Last Friday, the Alabama Supreme Court ruled that frozen embryos are “extrauterine children” under state law, and are therefore entitled to the rights afforded to children. The decision resulted from two wrongful death cases brought by three couples whose frozen embryos were accidentally destroyed by a fertility clinic. The Republican panel of Alabama Supreme Court Justices found that that an 1872 state law allowing parents to sue over the death of a minor child “applies to all unborn children, regardless of their location.”
Alabama Justice Jay Mitchell wrote: “Unborn children are ‘children’…without exception based on developmental stage, physical location, or any other ancillary characteristics.” Mitchell also cited a previous ruling in 2019, where the Alabama Court established that a fetus killed during a woman’s pregnancy was covered under Alabama’s Wrongful Death of a Minor Act and “extrauterine children [are not excluded] from the Act’s coverage.”
When Roe was overturned in Dobbs v. Jackson Women’s Health Organization, nearly 50 years after it was established, the Conservative majority on the United States Supreme Court determined that Roe was “egregiously wrong from the start” because “the Constitution makes no reference to abortion” and “no such right is implicitly protected by any constitutional provision,” including the due process clause of the Fourteenth Amendment. This new tipping power, led by Justice Alito and the three Trump-era justices, was the beginning of a complete conservative overhaul of established Civil Rights law.

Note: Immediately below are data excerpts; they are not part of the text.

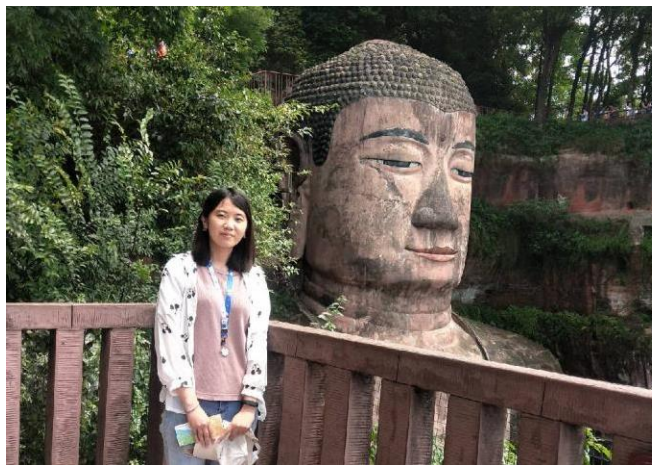
↑世界第一石雕大佛—樂山大佛
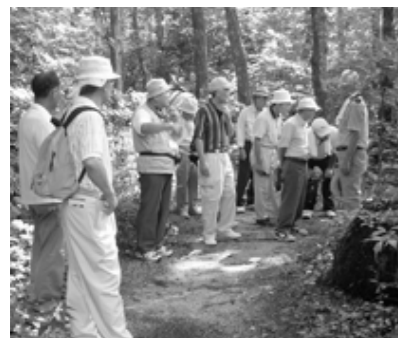
▲ガイドの説明を聞く会員たち

砂防情報センターを起点に御座石、切石、重石、地蔵石、袋石、光前寺、大沼池、駒ヶ池、水と文化の森公園など、専門のガイドの説明を聞きながら巡りました。身近な地域の自然の営みや歴史文化を知る、大変よい研修になりました。
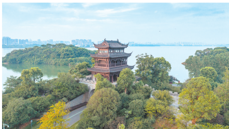
环南湖三圈南段赏梅阁。
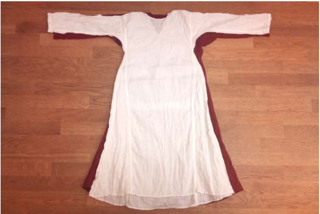
Figur 12. Den vita särken färdigsydd.
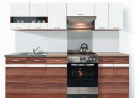
Zestaw Junona 2,40 Cena 699.00 zł. - różne kolory

Wałcz, Dom Handlowy, ul. Dworcowa 3 tel. 67 250 06 04
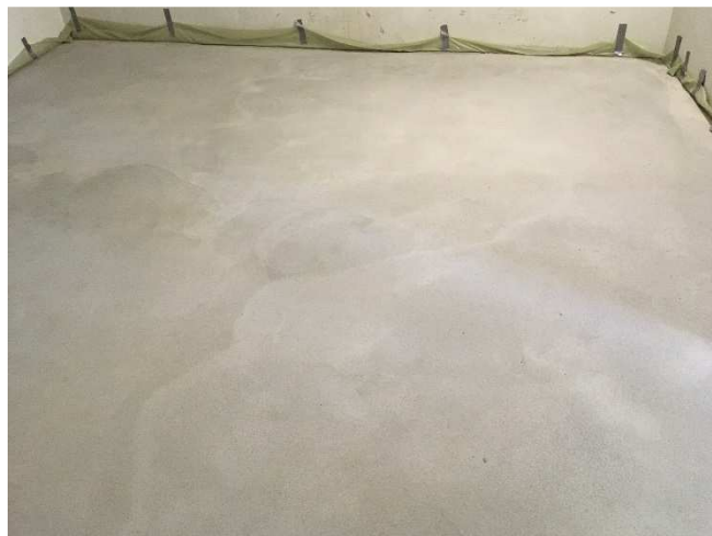
Abbildung A 2.3: Zementestrich (Prüfsituation)
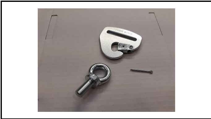
A1-5) Position / Position : left crotch strap
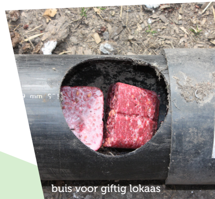
buis voor giftig lokaas
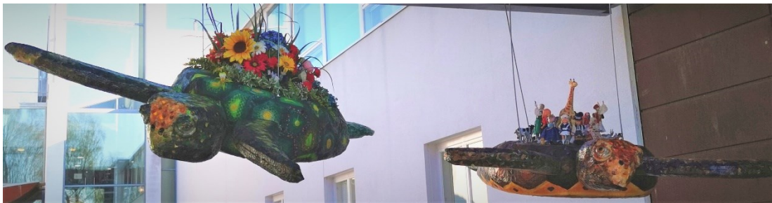
Ulla Törmä, ”Maailman kilpikonnat – Flora ja Fauna”, 2020, kangastilkuilla, eläin- ja ihmisfiguureilla, sekä silkkikukilla päällystetyt styrox-veistokset, kosketeltavia teoksia. 2,2 m x 2 m x 1,3 m

Taidekasvatus ei rajoitu vain varhaiskasvatukseen. Taidekasvatus kuuluu osaan elinikäistä oppimista. Kansalaisopistojen kurssitarjonta on laajaa ja oppilaat monen ikäisiä ja -tasoisia. Eri-ikäisten työskentely yhdessä on rikasta mutta saattaa olla opettajalle haastavaa. Mieluisen asian opiskelu hyvässä ryhmässä tuo monelle hengähdystauon ja voimia arjen keskellä. Kun ihminen tutkii maailmaa, hän tutkii samalla itseään ja rakentaa omaa minuuttaan. Taidesuhteen kehittymisessä täytyy voida itse valita, yrittää, erehtyä ja onnistua; saamme monenlaisia informaation elementtejä tunteiden, intuition ja vaistojen välityksellä. Kontrasteja sisältävät kokemukset luovat syvempää ymmärrystä ja monipuolista ajattelua elämässä. (Karppinen, ym., 2001, s. 59.)

In the Dobbs ruling, Justice Clarence Thomas also raised questions about gay marriage and other rights in his concurring opinion, extending the ramifications of the case to many other issues, in addition to abortion bans. This case has directly contributed to the enactment of abortion bans in 24 states, and more than a dozen states have enforced near-total abortion bans since the Supreme Court's June ruling.
This latest ruling in Alabama now threatens the potential impact on fertility treatments and the freezing of embryos, which had previously been considered property by the courts. By extending rights of personhood to not only a fetus but an embryo, Alabama has surpassed the previous limits set by years of precedent, allowing the United States Supreme Court, with its Conservative majority to take up the issue, and possibly reverse more established law.
Since the overturning of Roe in June of 2022, conservative activists have been attempting to extend their agenda to include restrictive abortion bans, limitations on civil liberties and laws that establish extended fetus rights. In the Fall of 2022, the US Supreme Court declined to hear a Rhode Island case brought by two women. who sued on behalf of their fetuses. At the time the high Court made a point to stay away from another issue at the center of America’s burgeoning culture wars, and determined that fetuses lacked the proper legal standing to bring the suit.
However, with this latest Alabama Supreme Court ruling, the United States Supreme Court will not be able to avoid hearing the case on the grounds of standing, and the impact that the newly established law will have on embryo rights will likely force the highest Court in the land to get involved. Given what the Conservative majority has previously said about their new limitations of Roe, it is not a stretch to see how they could easily apply their agenda here, thereby giving a fetus and even an embryo new rights.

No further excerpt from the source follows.